The Saudi plan to transform their economy, discussed in the following article, is too little and too late according to this article.
With my limited field of vision, I can realize that the Saudi plan requires transforming the outlook of most people in their country from what-do-I-absolutely-have-to-do-today government employees to self driven entrepreneurs is going to take a really, really long time. I don’t know how long that sort of massive transition in mind-set would take, but I know it is many years beyond what it will take to deplete their foreign reserves.
The kind of transition that has already taken place in geopolitics caused by what we are seeing in the oil market will take a long time to understand, according to the article.
In a sentence, the goal is to shift away from the government employing most people with most income coming from oil towards a vibrant private sector with diversified industry employing most people.
Most sobering comment in the linked article is an explanation that previous seven 5-year plans have emphasized building infrastructure, build human capital, and use the private sector to drive growth. If it hasn’t happened in the last 35 years, what would make it happen now?

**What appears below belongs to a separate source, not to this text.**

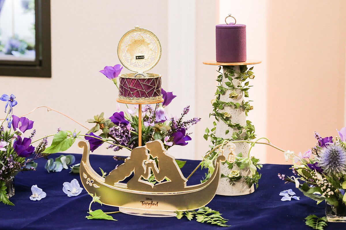 以治癒萬物的金髮魔力化為婚戒設計靈感,編織髮辮的精緻打磨刻紋貫穿整個婚嫁系列套戒,加上閃耀金色光芒同時也象徵了故事中無悔擁抱生命中希望、相愛兩人互相引領找到彼此幸福道路的寓意;另外男生婚戒以鉑金呈現的巧思更是動人—費林為樂佩剪去長髮邁向新生活,完美將浪漫感人寓意融入婚嫁系列中。
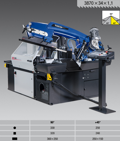 przemysłowym cięciu pełnych materiałów, a tym samym zapewnia wysoką żywotność samych taśm tnących . W tej przecinarki zastosowana jest taśma tnąca o rozmiarze 34 x 1,1 mm.

The MDW article cites four reasons the plan won’t work:
it is an overblown mega-project scheme
it focuses on economics and discards political development
it superficially approaches the challenge of instilling virtues of achievement
it takes the generation of non-oil revenues as it ultimate goal
One of the most severe challenges, it seems to me, will be the need for massive change at the cultural level away from easy or no-show government jobs to a widespread entrepreneurial attitude.
Other massive changes in cultural will be required. Adopting the needed political changes will be painful.
3/13/17 – Reuters at Rigzone – Russian Oil Major Says US Shale Growth Imperials OPEC Deal – Rosneft, a major oil player in Russia, thinks that the increase in production from the US could lead to a renewed price war when the six-month production cut from OPEC comes to an end. Article quotes the company has estimated that there has been 90% compliance with the OPEC production cut.
3/14/17 – Ship and Bunker – Russia Warns of New Price War Due to US Shale Gains as Kuwait Calls for Extension of OPEC Production Cuts – Same coverage as previous article just mentioned. Speculation is Russia will increase production when the OPEC production cut expires in the middle of this year. Increasing production from the US means that agreement will likely not be extended.
3/19/17 – Bloomberg – Oil Drops as US Drilling Growth Threatens to Counter OPEC Cuts – Output of oil from American shale increased for the 10th month running. This is either offsetting or beginning to offset the production cuts from OPEC, depending on which article you read. As an expected result oil prices are dropping.
1/23/17 – Wall Street Journal – Halliburton Standing Firm on Price Increases – Interesting tidbit that is a commentary on state of fracking – Halliburton is working to pull back their heavy discounts of the last two years. If you don’t like their upwardly revised prices, find another vendor.
Even back in January there were signs that drilling activity was stepping up.